Jako nastolatek i nawet student nigdy nie narzekałem na brak kasy, rodzice zawsze chętnie sami z siebie dawali, powiedz mi dlaczego miałem nie brać?
Ty we wakacje zap🤬lałeś na budowie, ja leżałem na plaży, taka niesprawiedliwość była jest i będzie. też miałem iść j🤬 na budowie? powiedz mi po co?
Rozumiem... miałoby to mnie nauczyć pokory (do kasy, ciężkiej pracy itp.)
miałem dwóch kolegów, którzy tez byli ambitni, szkoła, ciężka praca, chcieli do czegoś w życiu dojść, samemu sobie na to zapracować i wiesz co? obaj od kilka lat leżą na cmentarzu, jeden 22 lata i białaczka, drugi 27 i rak skóry...
Jeśli jest możliwość trzeba korzystać z życia.

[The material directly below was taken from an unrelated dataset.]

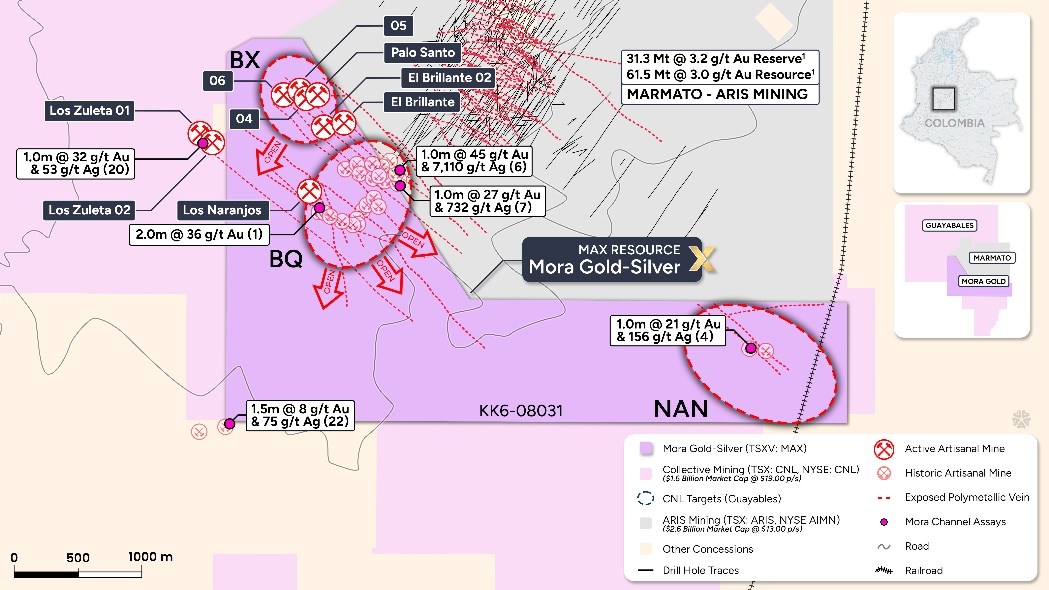 In September 2025, Max reported the appointment of Mr. Sergio Cocunubo as Head Geologist, reuniting with key Technical Advisor Dr. Chris Grainger and Community Relations specialist Mr. John Henao, all key members of the Collective Mining and the Continental Gold team that developed the Buriticá Gold Deposit³ Deposit (P&P Reserves: 3.8Mozs at 6.9 g/t Au & 13Mozs at 24g/t Ag in 15.61Mt and M&I Resources: 4.4Mozs at 8.9 g/t Au & 14.6Mozs at 29 g/t in 14.02Mt plus Inferred Resources: 5.1Mozs at 8.9 g/t Au & 18Mozs at 29 g/t Ag in 16.2Mt³), sold to Zijin Mining for US $1.4 billion in 2019.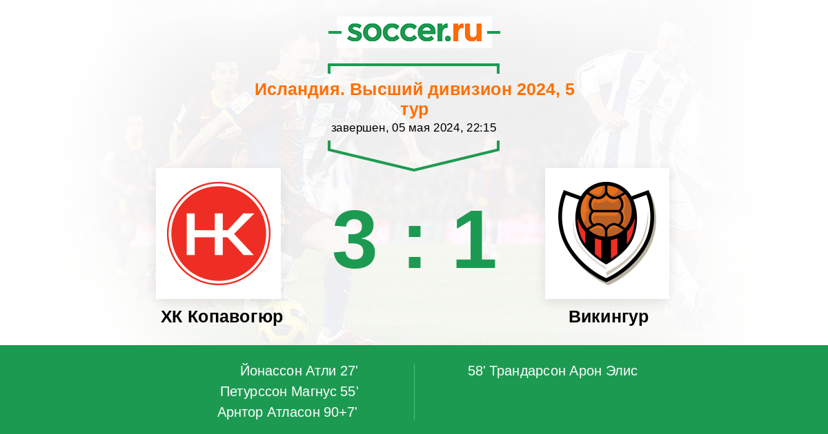90+7' (3:1) Арнтор Атласон (8)

No właśnie, nauczyłoby Cię to pokory do ciężkiej pracy i szacunku do pieniędzy.

Masz jakieś dziwne podejście do pracy. Dla mnie to przyjemność pracować ciężko. I dzięki temu nie musiałem brać pieniędzy od mamy i wyobraź sobie, że też leżałem na plaży, chodziłem po górach, zwiedzałem Skandynawię, Kanadę, Kubę, wszystko dzięki pracy. W wieku 20 lat mogłem zobie pozwolić na samochód za 12 tysięcy i ani grosza nikt mi nie dokładał. Teraz nikt mi nie dokłada do mojego wesela. Jestem samowystarczalny i dumny, że wszystko to osiągnąłem dzięki ciężkiej pracy.

I traktuję moje ciało jak maszynę i hartuje je i nie pozwalam żeby zardzewiało. Ma być sprawne i silne żeby poradzić sobie w każdej sytuacji.

A Ty dalej sobie leż na plaży, i opalaj swoje wiotkie kończyny i bądź dumny, że bierzesz kasę od rodziców. Ja wolę dawać.

Jeśli twoi koledzy kopnęli w kalendarz, to przykro, byli za słabi (selekcja naturalna). I żyj dalej w strachu, że coś Ci się stanie i że będzie bolało. Ból wzmacnia. Ale co lebiega może o tym wiedzieć.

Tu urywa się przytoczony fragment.